'Green' parking lot for library?
High Point Enterprise (NC), 2014-02-10
Feb. 10--HIGH POINT -- Creation of a public gathering space in the heart of the city -- that's the goal that the Ignite High Point master plan lays out for the area outside the High Point Neal F. Austin Public Library.
Miami architectural firm Duany Plater-Zyberk, which developed the plan, recommended that the city make development of a "library plaza" a top priority.
High Point architect Peter Freeman, working with a group of interested residents, has come up with a couple of options, the basics of which the City Council heard about last week.
The idea is to "green up" the asphalt and concrete of the library's parking lot by adding landscaping, farmers market shelters and other features -- without sacrificing parking spaces.
"The library is one of the most highly utilized buildings in the city. It's a very important, well-used civic building," said Freeman. "They need their parking. When you start taking any parking places away, it tears people up, and it should."
Cost figures and plans for both options should be available within 30 days, city staff advised the council Thursday.
Officials said one of the options would take away 19 of the library's 178 parking spots -- a prospect that library supporters oppose.
The other option would require the acquisition of two parcels of land next to the library parking lot -- 816 and 820 N. Elm St. One site is a vacant building that used to house a law firm and the other is occupied by three businesses.
Freeman said a sculpture garden within this space is one idea that's been discussed.
It could tie in with the pedestrian path through the adjacent roundabout, which could promote walkability between the library and nearby neighborhoods, he said.
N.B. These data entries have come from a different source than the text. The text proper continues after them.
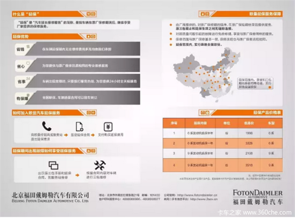 用户所购买的福田戴姆勒全系牵引车,均可以购买延长保修服务,延保时长包括6个月和12个月两种。增加延保服务后,整车保修时长从原本的3年延长到3.5年或4年,保修服务不限公里数。
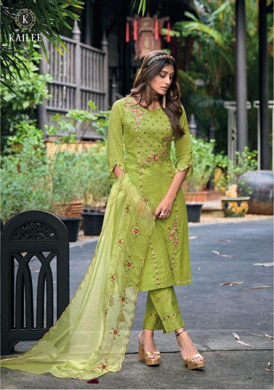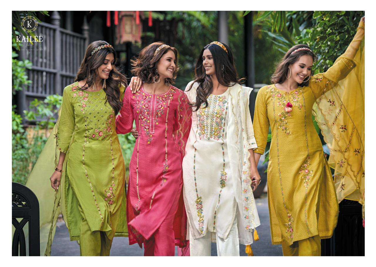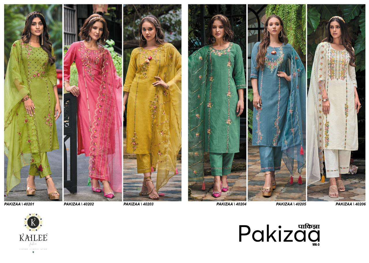 pakizaa vol 3 by kailee fashion fancy thread mirror work kurti with pant and dupatta
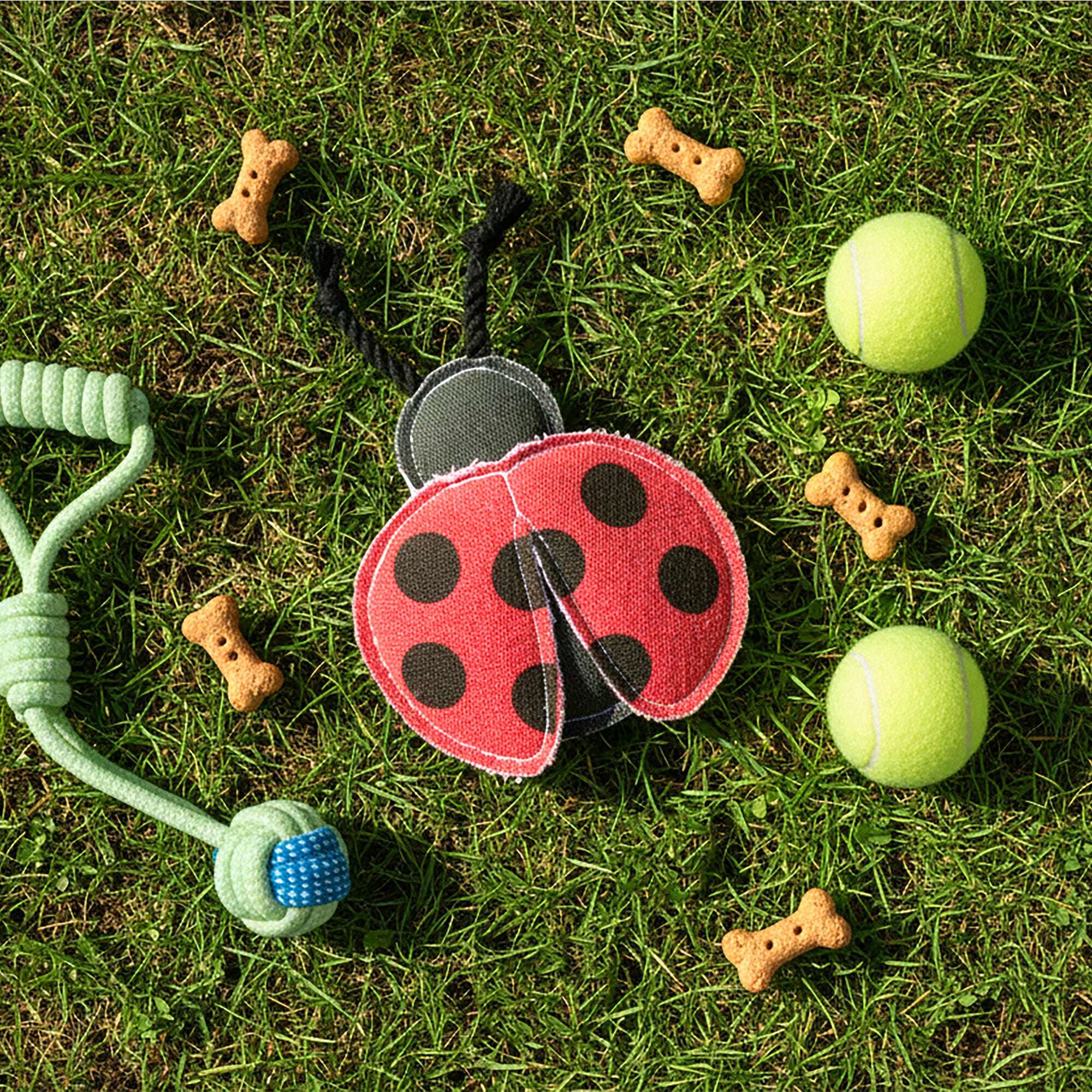 • IN-HOUSE DESIGN: Features a cheerful red-and-black ladybug design with the phrase “Lucky Dog” printed on the back. The thick rope accents add texture and extra grip for dogs who love to fetch, tug, and chew.
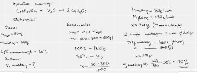 W tym zadaniu musisz napisać równanie zachodzącej reakcji chemicznej i obliczyć, ile procent w procentach masowych maltozy uległo hydrolizie.
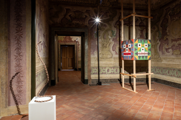 La precarietà, l’instabile equilibrio, la danza e il movimento dei corpi in relazione alla scena del clubbing e delle sottoculture di fine millennio sono, per la curatrice, i punti di partenza per leggere quella che è stata la produzione artistica internazionale in un momento di transizione a ridosso della caduta del muro di Berlino. I simboli e le icone della modernità, indebolite dalla perdita tardocapitalista delle certezze, puntellano il progetto espositivo che si sviluppa sui tre piani della Fondazione: partendo dalle complesse e affrescate sale del primo livello, Tanz Auf Dem Vulkan colpisce per l’ibrida selezione di media artistici, presentati secondo un altrettanto eclettico concept espositivo che fa dell’escamotage una caratteristica peculiare.
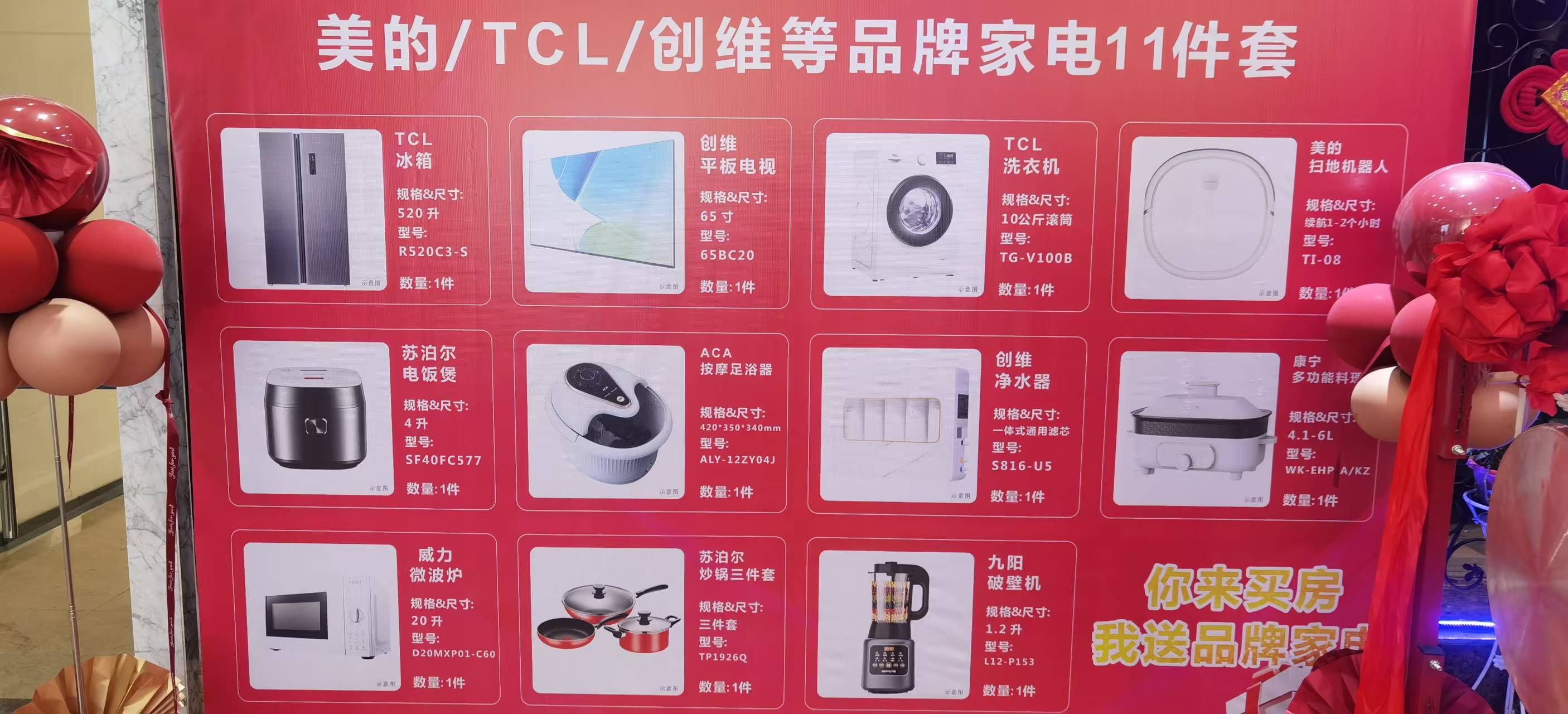 经调查,该项目开发企业自2023年3月10日起,实施购房送家电活动,情况属实;凡在活动期限范围内参与购房符合赠送条件的业主,开发企业承诺会按照活动规范落实,并且分批次陆续兑现;符合赠送条件未领取的业主如急需配送,可随时到项目售楼处进行登记,开发企业在家电购买完成后,将第一时间通知业主领取。
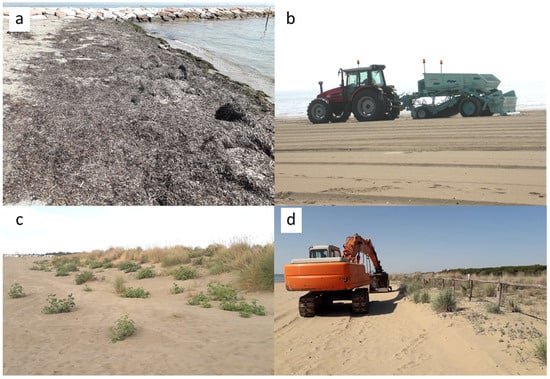 Impact of the cleaning interventions: (a) Deposit of stranded wrack (mainly composed of Zostera marina leaves) in the intertidal zone; (b) Mechanical beach cleaning operations (grooming) in the beach; (c) Pioneer vegetation freely developed on the embryonic dunes; (d) Embryonic dune alteration as a result of cleaning activities.
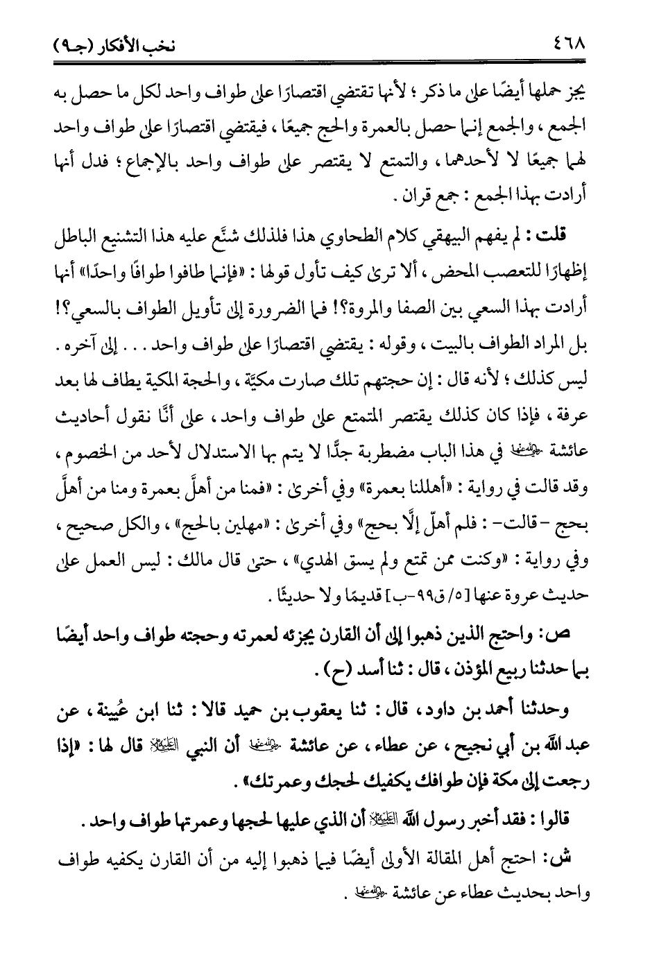 قلت: لم يفهم البيهقي كلام الطحاوي هذا فلذلك شنَّع عليه هذا التشنيع الباطل إظهارًا للتعصب المحض، ألا ترى كيف تأول قولها: "فإنما طافوا طوافًا واحدًا" أنها أرادت بهذا السعي بين الصفا والمروة؟! فما الضرورة إلى تأوبل الطواف بالسعي؟! بل المراد الطواف بالبيت، وقوله: يقتضي اقتصارًا على طواف واحد ... إلى آخره. ليس كذلك؛ لأنه قال: إن حجتهم تلك صارت مكيَّة، والحجة المكية يطاف لها بعد عرفة، فإذا كان كذلك يقتصر المتمتع على طواف واحد، على أنَّا نقول أحاديث عائشة -رضي الله عنها- في هذا الباب مضطربة جدًّا لا يتم بها الاستدلال لأحد من الخصوم، وقد قالت في رواية: "أهللنا بعمرة" وفي أخرى: "فمنا من أهلَّ بعمرهّ ومنا من أهلَّ بحج -قالت-: فلم أهلّ إلاَّ بحج" وفي أخرى: "مهلين بالحج"، والكل صحيح، وفي رواية: "وكنت ممن تمتع ولم يسق الهدي"، حتى قال مالك: ليس العمل على حديث عروة عنها قديمًا ولا حديثًا.
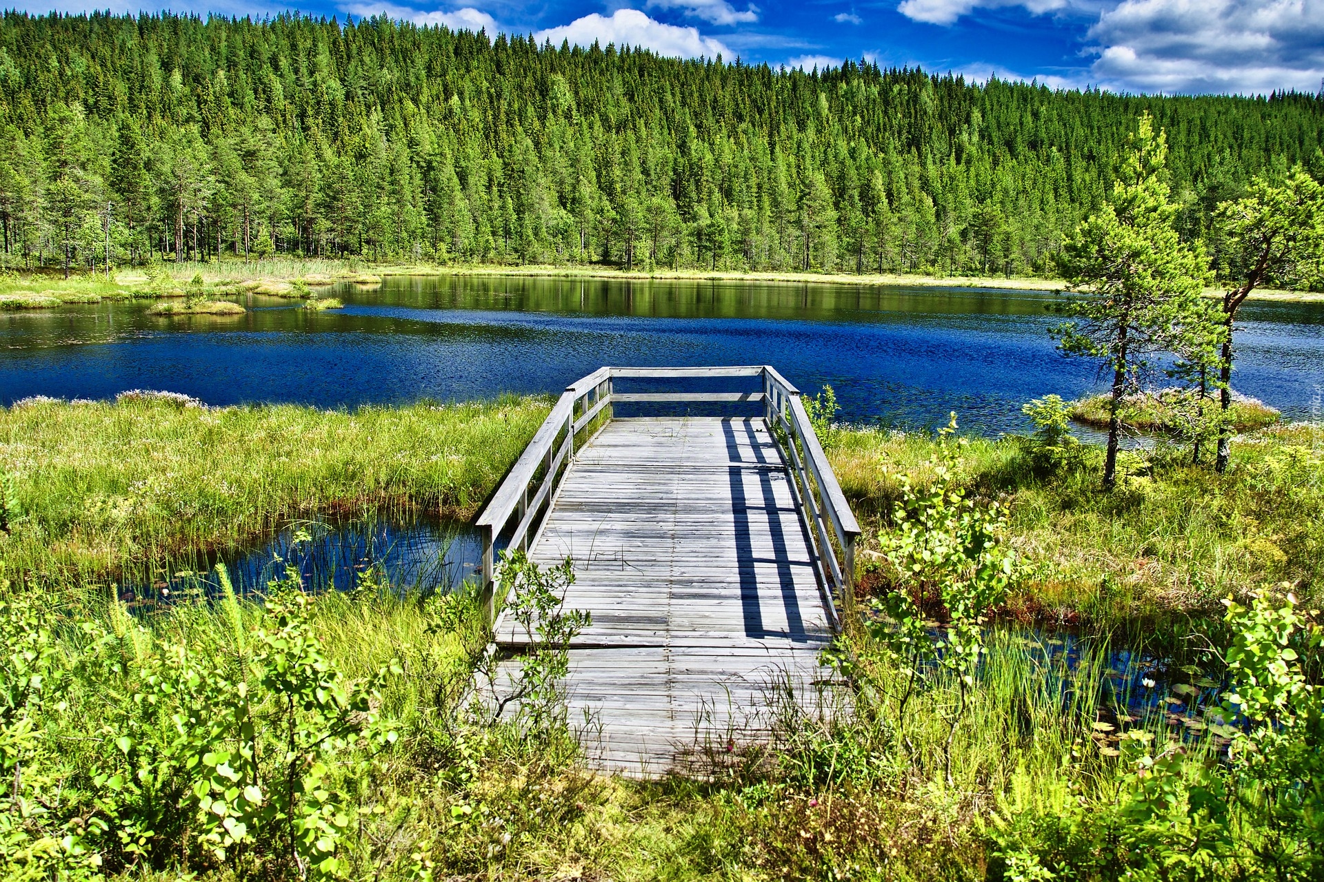 Edytor tapety: Widok z pomostu na jezioro i zielone drzewa

The main public gathering space envisioned in both options would be adjacent to the library's entrance. The site could accommodate library programming, such as book fairs and outdoor reading or music events, as well as farmers markets. It would also make the area in front of the library more pedestrian-friendly, which is a major goal of many of the Duany plan's recommendations.
Freeman's designs also incorporate "grove trees" throughout the parking lot, but not in a manner that would impact current parking spaces, he said.
Council members said they want to see the results of an upcoming study on the No. 1 priority of the Duany plan -- a "road diet" for a portion of N. Main Street -- before committing to the library project.
"My constituents do use the library, but I don't know how much that's going to change with making the library more green," said Councilman Jeff Golden. "I'm not positive at this point that's the best investment. I am a supporter of this whole Ignite High Point movement, but I just think we need to take small steps and be sure of what we're doing. I think the library is something that might need to be on hold until we get this study back, and some other things."